We do not need to provide launch dependency ID for peer_a because this time it’s the same peer as in config dependencies - assignment will be automatic.

Programming OpenBCI peers with configuration support

To enable configuration processing in a peer, your peer must inherit ConfiguredPeer class:

from obci.core.configured_peer import ConfiguredPeer
class MyPeer(ConfiguredPeer)

Then you can use variables defined in config to initialize your peer in Peer._connections_established coroutine:

class MyPeer(ConfiguredPeer):
async def _connections_established(self):
    await super()._connections_established()

    # use variables from config: ::

    self.needed_to_work = self.config.get_param('important_setting')  # here we read parameter from configuration

    # Letting everyone know that MyPeer is configured and ready to work.
    # Other peers which have MyPeer in launch_dependencies will wait on their :meth:`await self.ready()`
    # until MyPeer invokes next line:

    await self.ready()

alternatively you can use param_property as class variable:

class MyPeer(ConfiguredPeer):

wait_time = param_property("wait_time", float)  # declaration that we want to read config parameter "wait_time" as float

async def _connections_established(self):
    await super()._connections_established()

    # use variables from config: ::
    if self.wait_time is not None:  # if the wait_time parameter was left empty in the config it will change into None

    # Letting everyone know that MyPeer is configured and ready to work.
    # Other peers which have MyPeer in launch_dependencies will wait on their :meth:`await self.ready()`
    # until MyPeer invokes next line:

    await self.ready()


BaseMessage is a base class for all OBCI messages.
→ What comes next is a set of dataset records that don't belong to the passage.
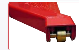
Wheels allow the lift to be rolled into different positions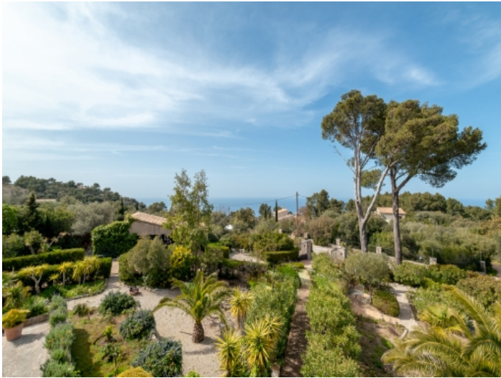
View over the plot as far as the sea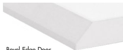
Bevel Edge Door

Designed for a sleek, modern and minimalistic look creating clean flowing lines.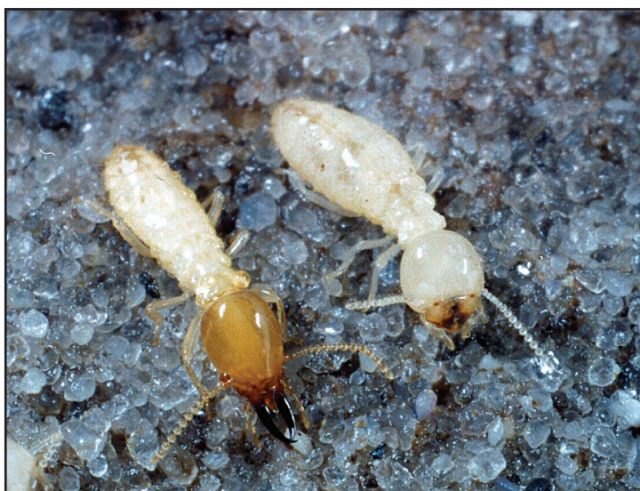
Figure 1. The most common castes in a termite colony are the soldier (left) and worker (right). Soldiers primarily function to defend the colony from invaders while workers actively forage for food.

T ermites play an important role as nature's recyclers of woody materials (i.e. stumps, roots, thatch). Conflict arises when termites locate and feed on wooden materials of economic importance such as homes, schools, and fences. Tens of millions of dollars are spent annually by homeowners and business owners in the City of New Orleans for the prevention and control of subterranean termites and the repair of damage they cause. It is important for residents to be able to readily distinguish termites from other common insects, to recognize signs of a termite infestation and/or damage, and to identify and remedy specific conditions that may increase the likelihood of termite infestations.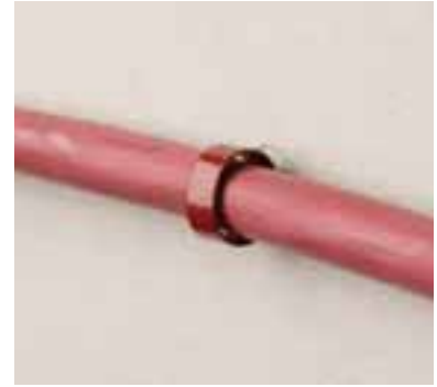
CADDY® LINIAN CLIP L11 for single cable support in concrete, block, wood and wall board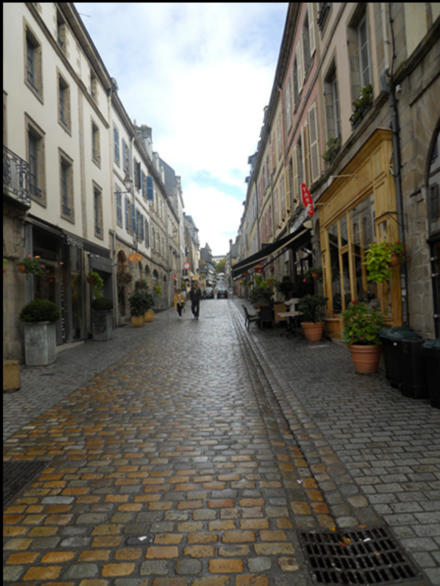
walking in Quimper Fance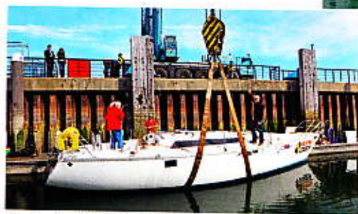
Ready for testing in Ocean Village Marina

Very few people have experience of how to deliberately capsize a yacht – it's not a skill for which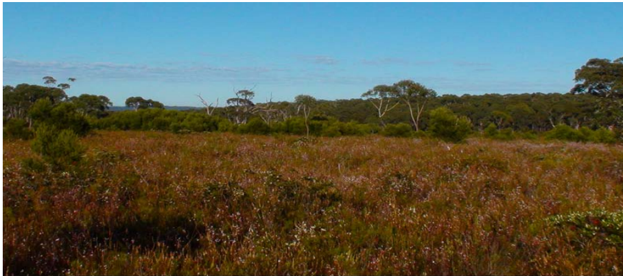
PHOTO: The State protected Dharawal Nature Reserve in the vicinity of where CSG drilling is to occur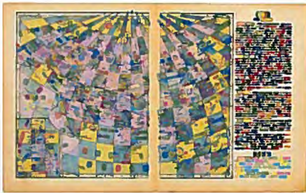
Dan Mills, Erosure (Cool) from the Quest series, 2012

In his cartographic interventions, Dan Mills employs humor, satire, and a critique of national and regional power dynamics through a reworking of images from the past. Specifically, he reconfigures world maps so as to allude to the artifice of all mapping systems, and, simultaneously, to highlight the imperial power and history embedded within them. Mills's recent projects, Quest (2012-ongoing) and U.S. Future States Atlas (2003-9), critique geographic boundaries and nationalist ambitions through maps of the U.S. and other parts of the world that emerged from a history of colonization since the American Revolution. He describes the projects as "a grand narrative atlas of global imperialism" and reminds the viewer of the arbitrary nature of national boundaries, considering their frequent origins in military aggression.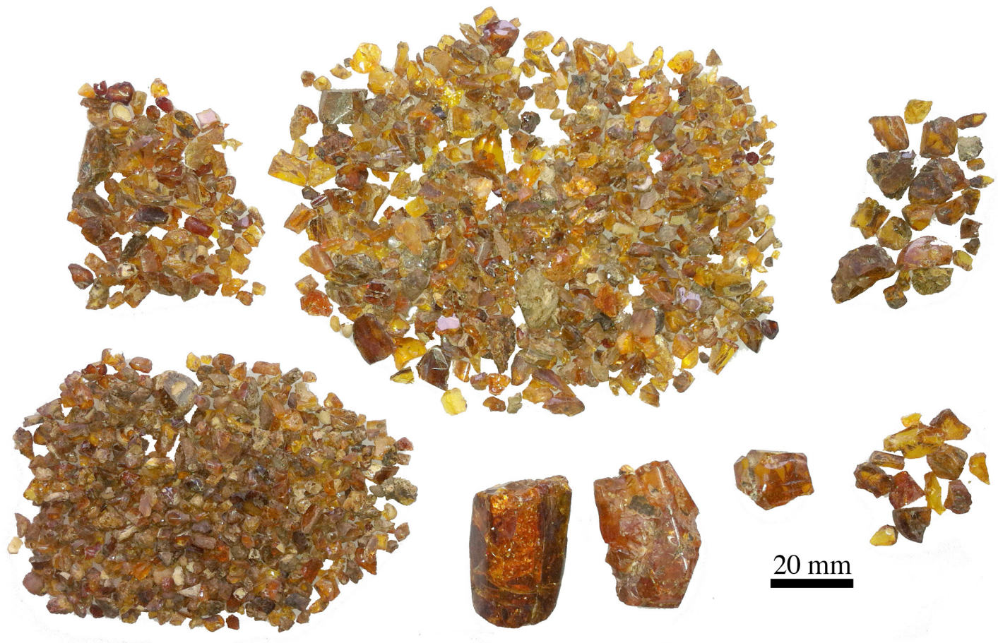
Figure A2. A sample of Vendean amber showing the size and color of various pieces.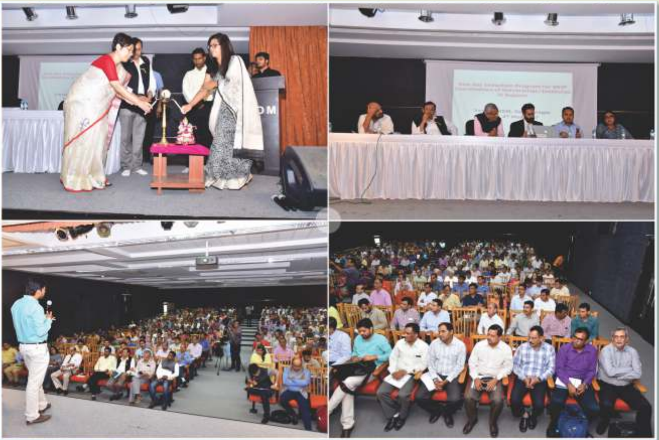
Induction Program for SSIP Coordinators at GIDM on 4 th May, 2017.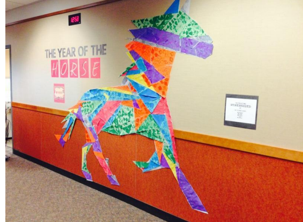
1<sup>st</sup> Grade Shapes Collage art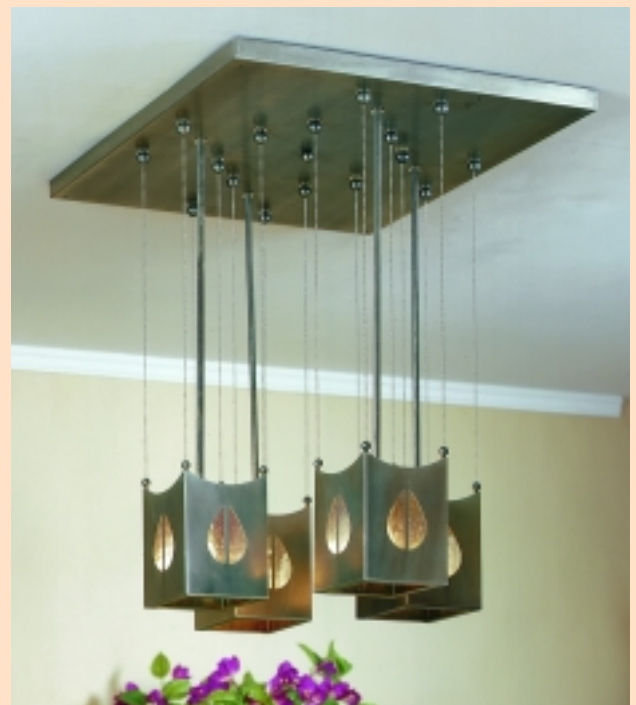
GG17 Beaded Chandelier OL=28" W=19" Canopy = 22"x22" 4x100w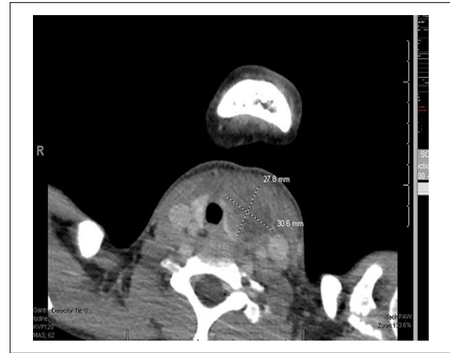
Image 1. CT neck showing heterogenous collection in the region of the left thyroid.

He was initiated on intravenous ampicillin-sulbactam with minimal clinical improvement. He was taken to the operating room for incision and drainage on day 4 of hospitalization, which resulted in a rapid clinical improvement in pain. Cultures of the drainage grew pan-sensitive Streptococcus anginosus , which is a bacterium commonly associated with oral flora. He was transitioned to amoxicillin-clavulanate to complete a 4-week course of antibiotics.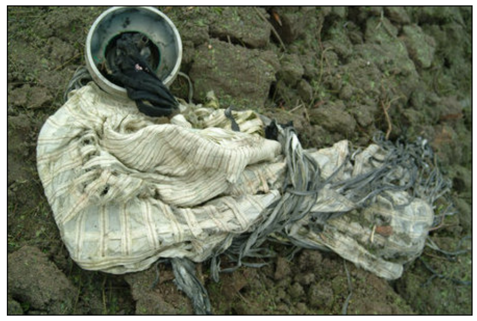
The trace of cluster bombing. A parachute used to drop cluster container and the remains of the exploded case which carried bomblets.

Sri Lanka Air Force (SLAF) bombed a convent named Holy Cross Convent, located on Paranthan Mullaiththevu Road, 600 meters away from Paranthan junction Tuesday night around 10:30 p.m., a day before Christmas. TamilNet correspondent who visited the site Wednesday morning witnessed that the attacked premises was marked with Red Cross on the roof. The nearby church also sustained damage. The SLAF deployed cluster munitions in the bombardment, residents who fled the site said. 85 cows of a herd a few meters away from the convent were killed in the attack.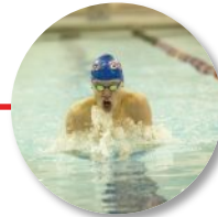
ECA/ Co-Curricular Clubs, band, choir/ athletic teams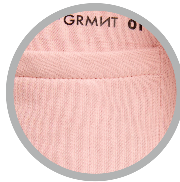
BACK POCKET DETAIL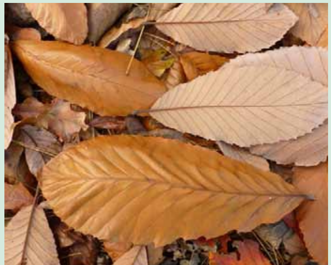
Autumn foliage of Armenian / Pontine Oak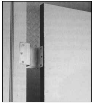
Offset door hinges are a cost-effective way to add one to two inches to a doorway.

Doors that are hard to open because they rub on the floor or carpet can be adjusted without removing them. Put a large piece of sandpaper on the floor under the door and move the door back and forth a few times. You may need to put some newspapers under the sandpaper so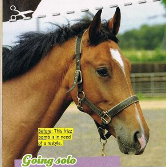
Before: This frizz bomb is in need of a restyle.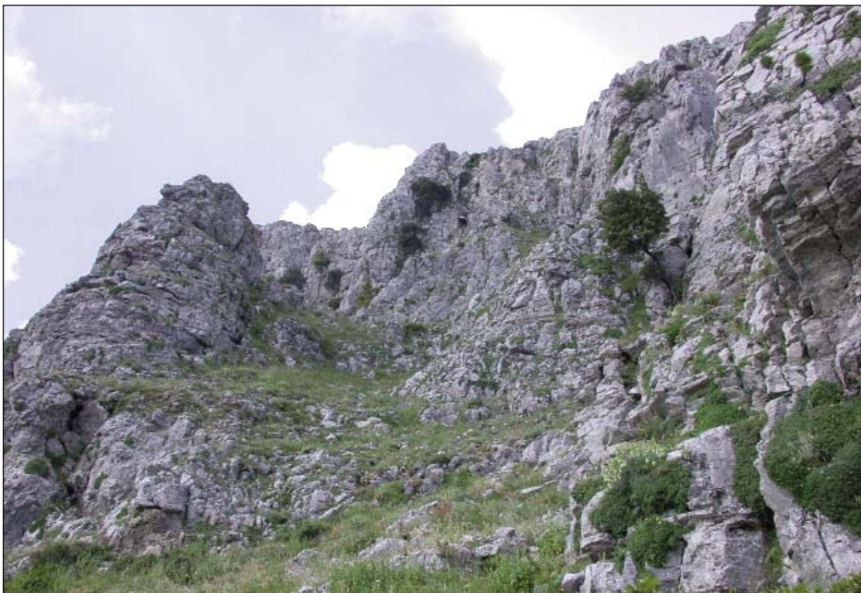
Fig. 4. Carbonate cliffs of Monte Scuderi: the locus classicus of Hieracium hypochoeroides subsp. montis-scuderii .

TAXONOMIC RELATIONSHIPS. – Because of the ramification of the synflorescence the new taxon clearly belongs to Hieracium sect. Bifida , which includes the two collective species H. bifidum and H. hypochoeroides , each with numerous apomictic subspecies or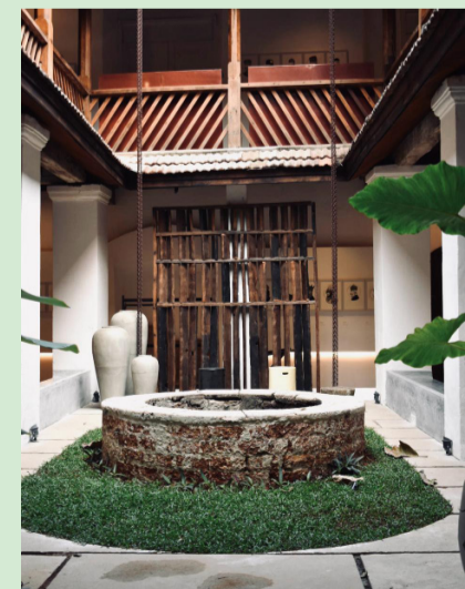
Where Tranquility Meets Architecture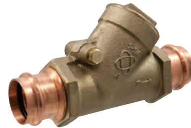
PC-413-Y-LF Press Ends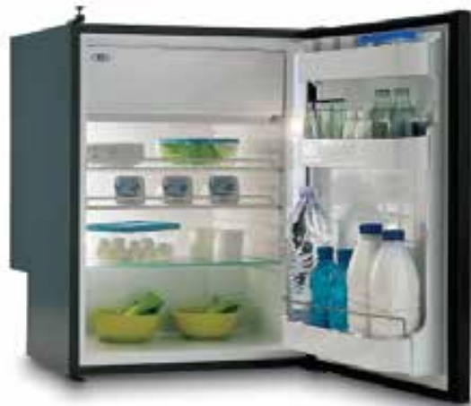
Vegetable tray not included

Every message should inherit this class. Every message has a :attribute:`sender` field. To add more fields to your message you have to define them using a Field class:

class BrokerHelloMsg(BaseMessage):
     __TYPE__ = 'BROKER_HELLO'
     peer_url = Field(List[str], str)
     broker_url = Field(str)

Field class accepts a number of arguments: accepted types of this field. If you add None to the types it will mean that this field is optional. During instantialization of the message fields are checked for validity. All types should be serializable to JSON (the default serializer). If you need to have a message with custom data you should provide serialize_data() and deserialize_data() methods.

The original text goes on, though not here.